We are putting switches on UPS soon but were wondering if the above is expected behavior (seems rather fragile) or if there are obvious improvements configuration-wise to handle such scenario's ?

I can upload an evtx file concerning what exactly was going on in case that's necessary.

Best Answer

The most probable explanation for that behavior has to do with the quorum configuration. Take a look at http://technet.microsoft.com/en-us/library/cc731739.aspx.

Basically, when your network switch went down, the two nodes lost communication with each other. At that point, neither node knew what the other one was doing. If one node decided that it was going to assume ownership of all of the clustered resources (ie, virtual machines) and boot them up, who's to say that the other one wouldn't do the same thing? You'd end up in a scenario where both nodes are trying to take total ownership of all the virtual machines, and you'd have some really nasty hard drive corruption on your hands.

The Quorum Configuration solves this problem by stating that in order for a node to function, it must be in contact with a majority of the nodes (and optionally, also a disk or file share). If it can't do that, it'll stop functioning as a member of the cluster.

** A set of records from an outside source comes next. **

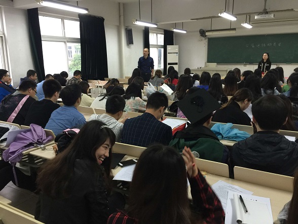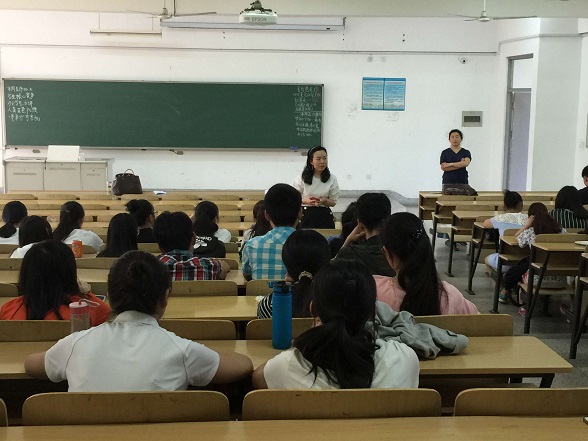 首先,张甲田老师向同学们强调了此次教学评估的重要性,并就注意事项做出说明。接着,“女神”温晋锋教授同大家展开交流,希望同学们能够抓紧时间,以积极的态度投入到课堂学习和生活中,并使之成为常态,也得到了同学们的热烈欢迎。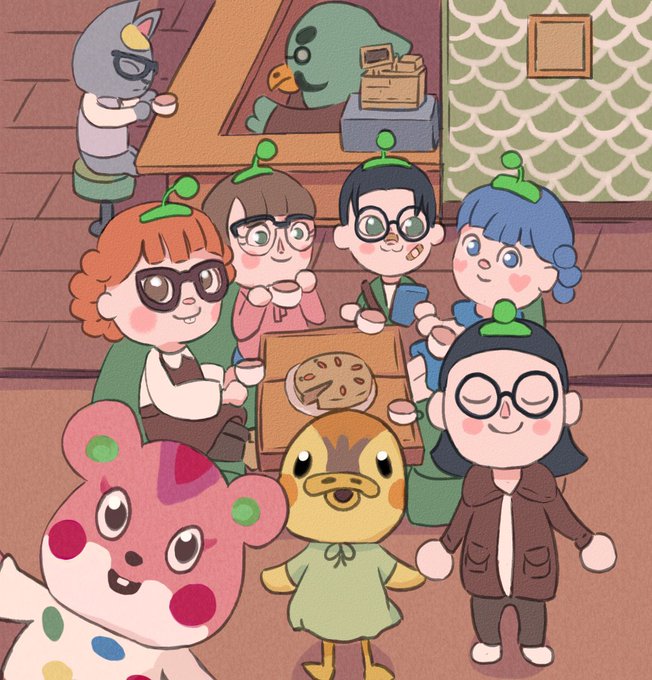 Omg look at what Lana @WanderwoodGame drew! It’s the Bobble Head Coffee Gang! So cute!!! Love the addition of the little villagers too 💖 @Cooperside1 @timesnewromary @surfnturfs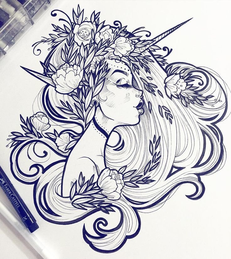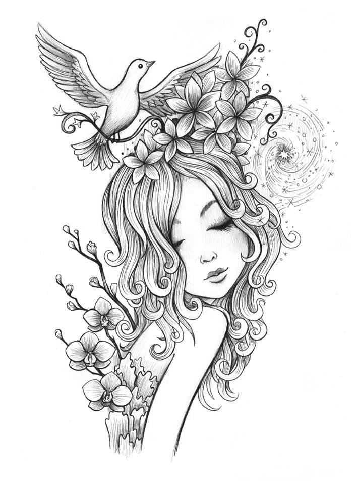 ![Красивая девушка эскиз]()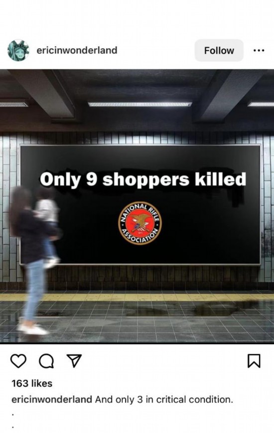 網(wǎng)友Ericinwonderland創(chuàng)作了一則帶有美國步槍協(xié)會標(biāo)識的“廣告”,上面寫道:“只死了9個?!?/p>
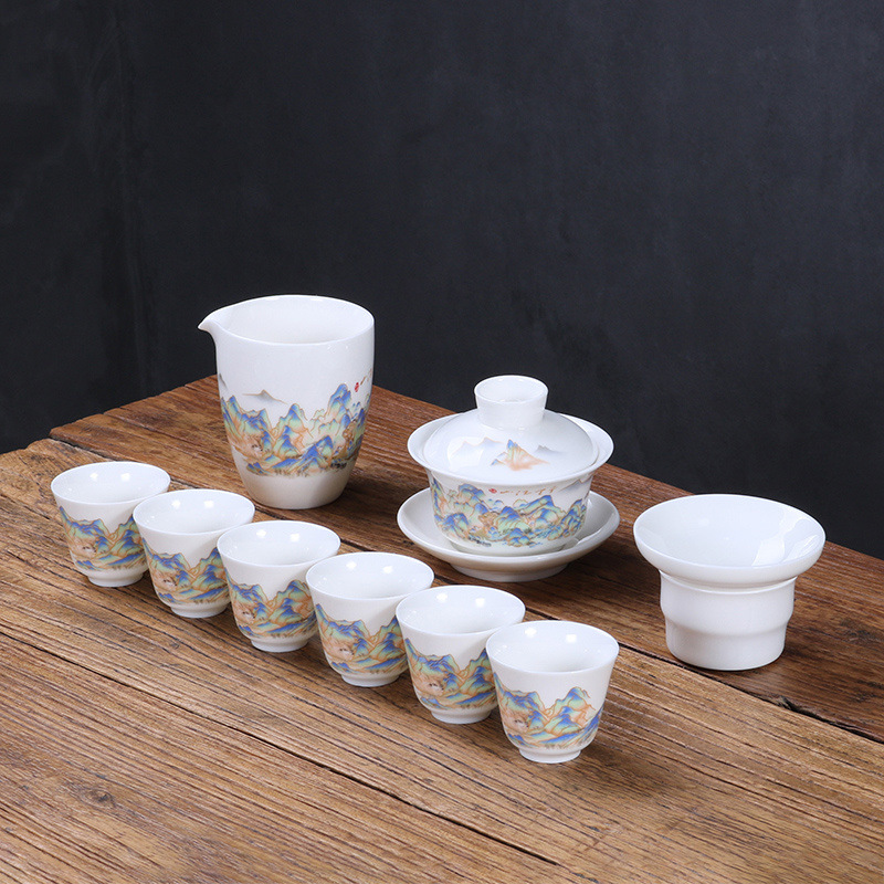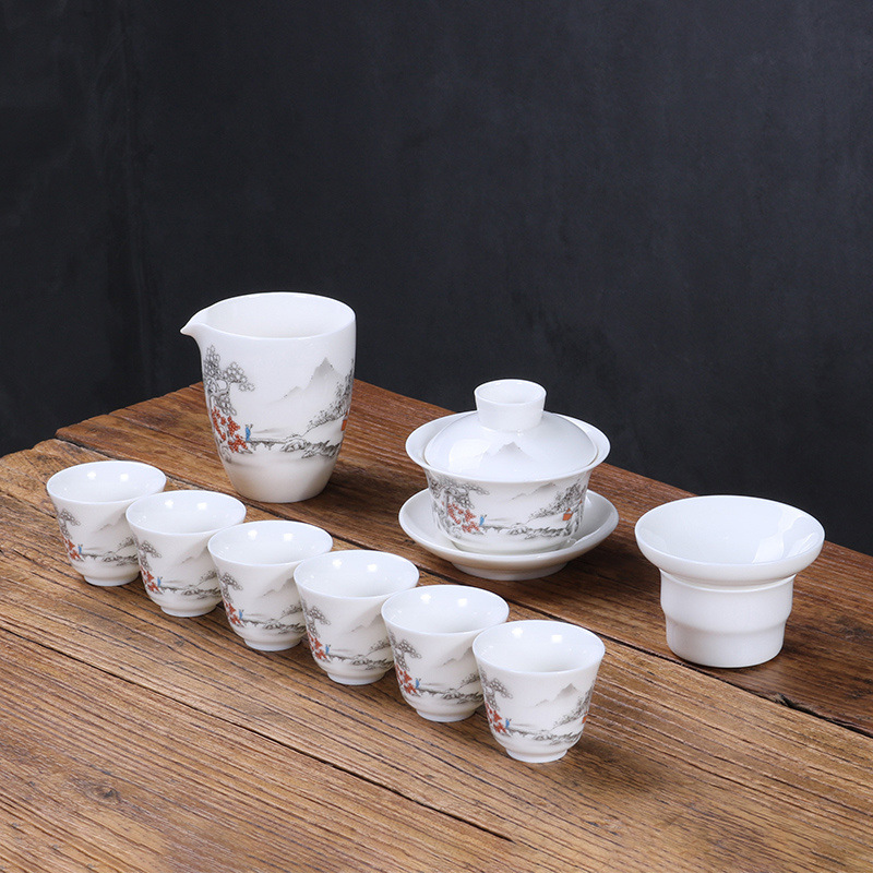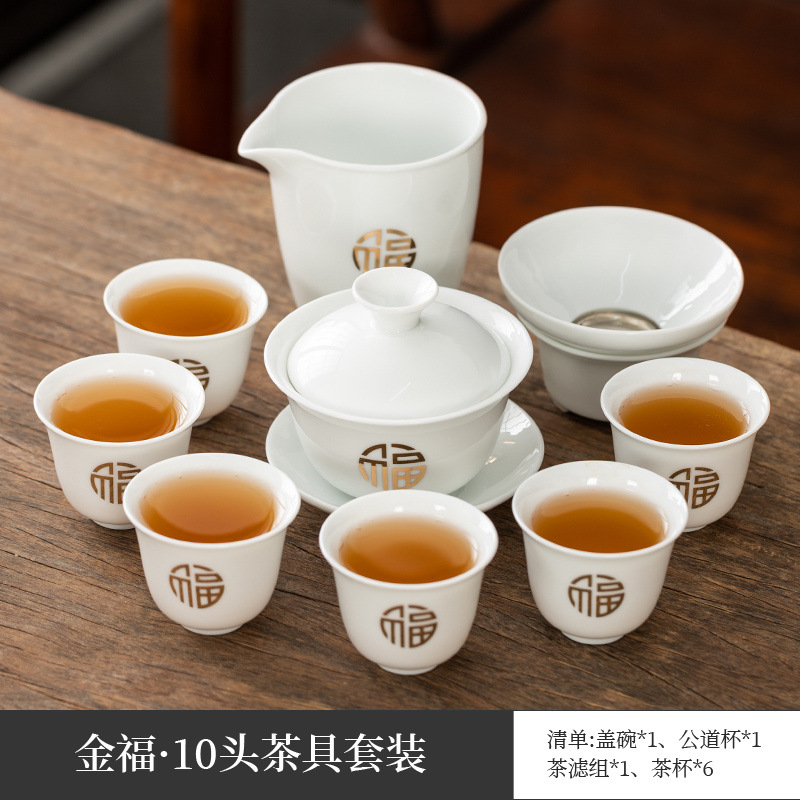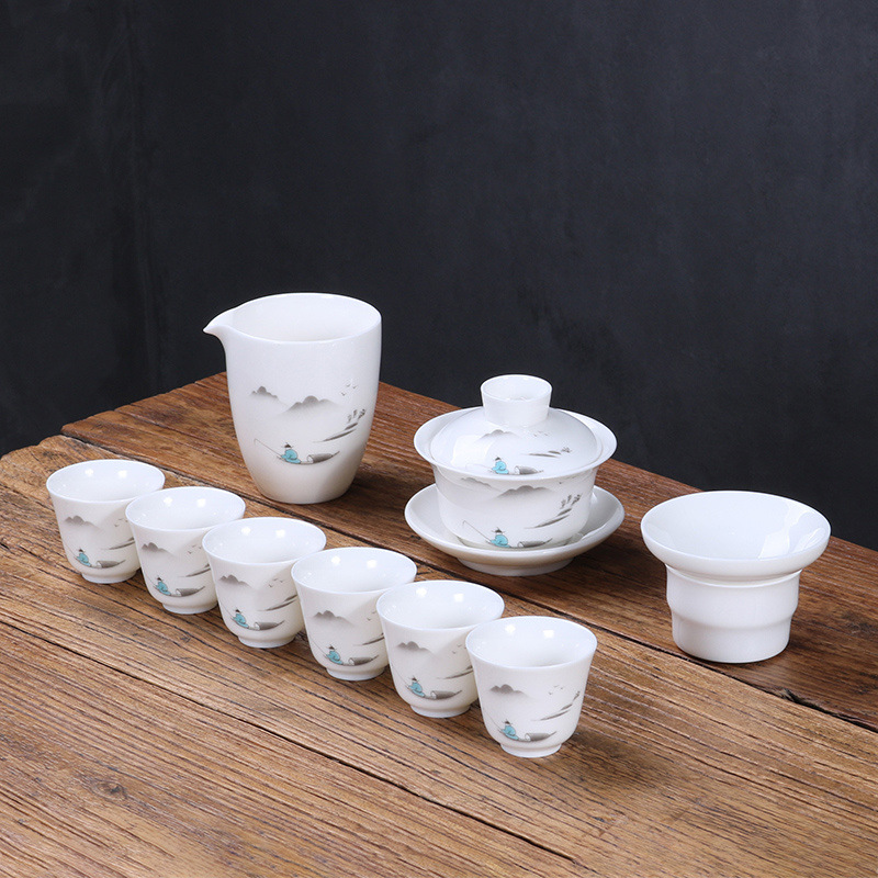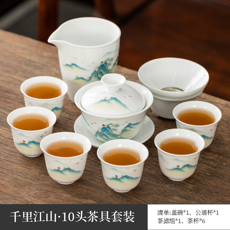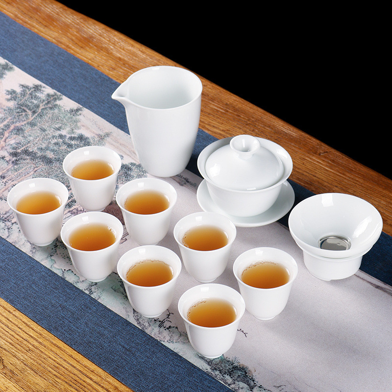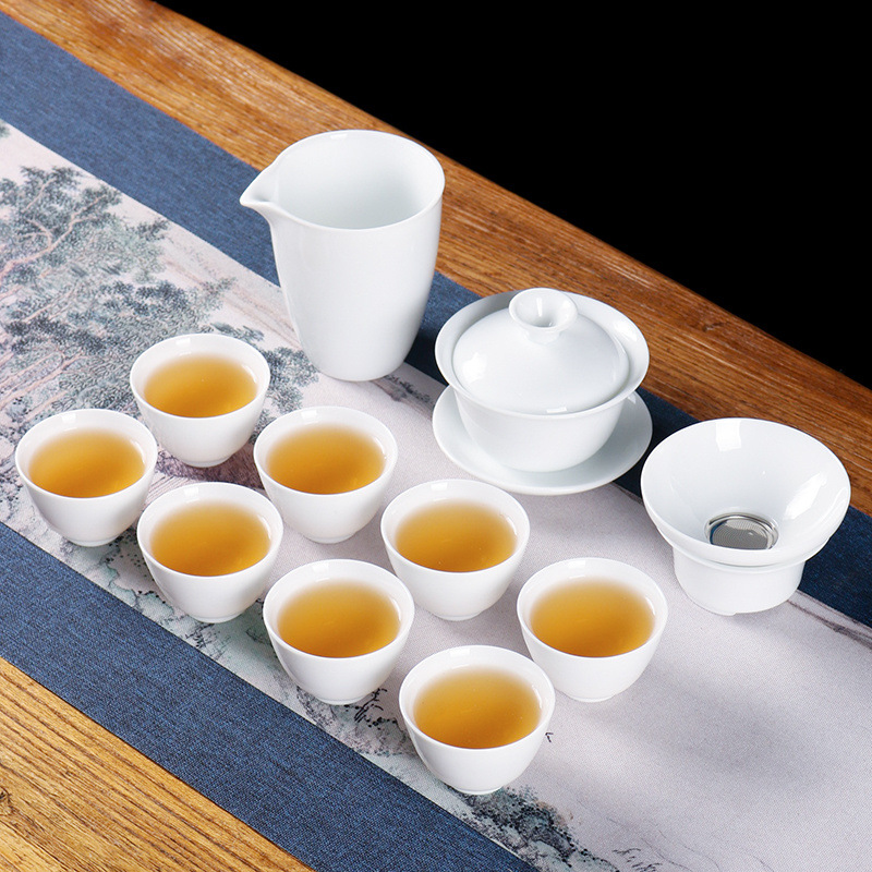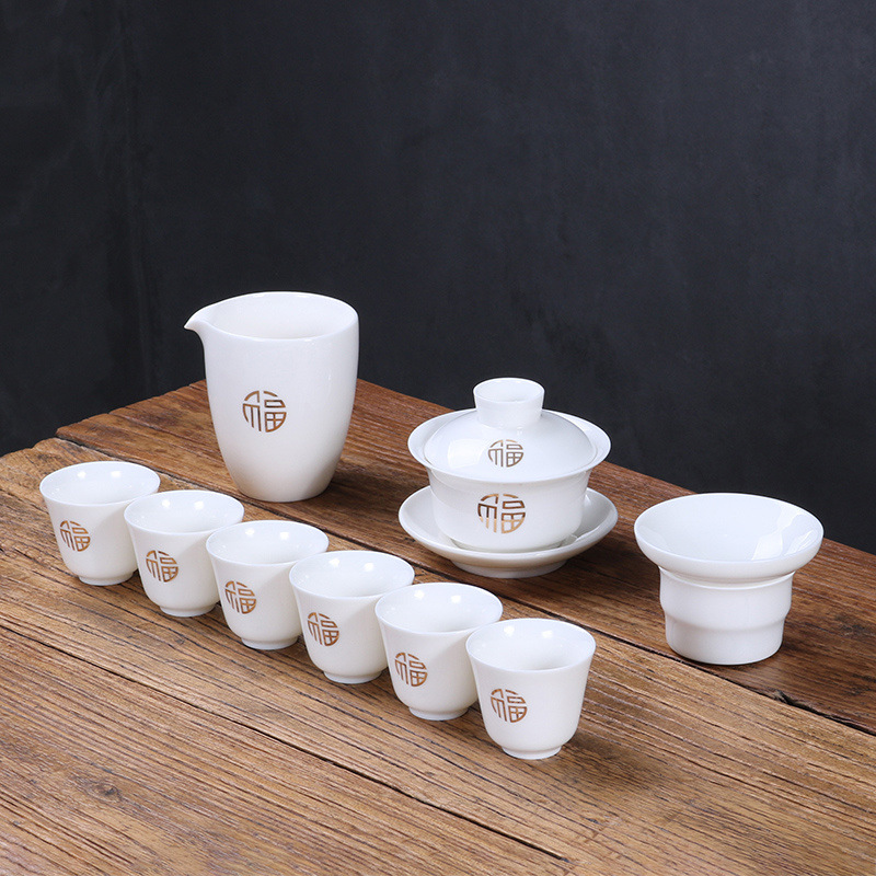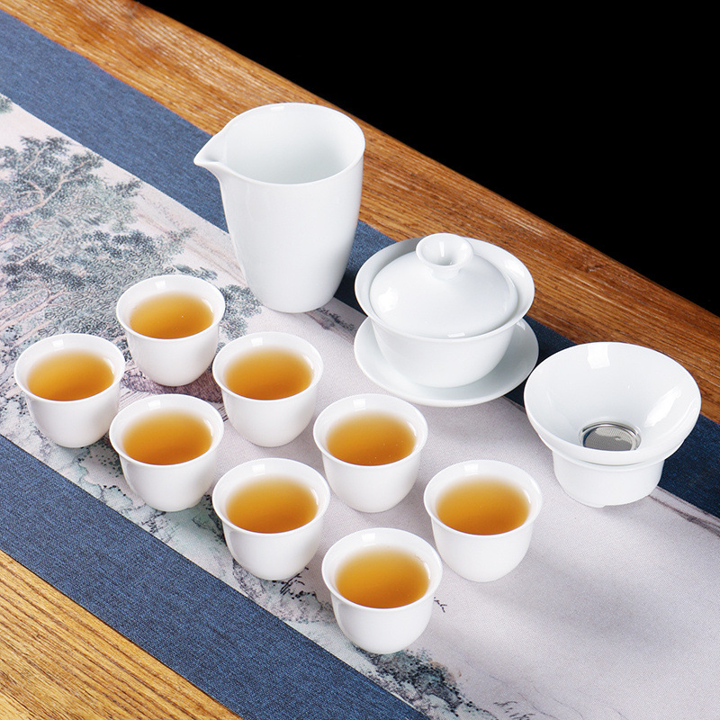 高白瓷功夫茶具套装家用简约盖碗茶杯陶瓷泡茶碗三才碗公道杯整套

To verify that this is the case, open the Failover Cluster Manager and check the "Quorum Configuration" on the summary page for the cluster. If it's Node Majority and you have an even number of nodes, then what I described is almost certainly what happened.

The solution is to set up a small disk, called the Disk Witness, (50 MB is more than enough) and add it to the storage for you cluster (but NOT the cluster shared volumes). Then, change the Quorum Configuration to Node and Disk Majority. With this setting, if you experienced the same failure as before, the node that had ownership of the disk at the time of failure would continue functioning (and would actually assume ownership of all of the resources from the other node), and the other node would stop. The VM's that failed-over to the functioning node would experience a brutal restart, but at least they'd be online as quickly as possible.

As you stated, the ideal scenario would be to have your switches on the UPS also. That would've prevented the failure altogether; however, you should also make sure that you're using the recommended quorum configuration for the number of nodes that you have.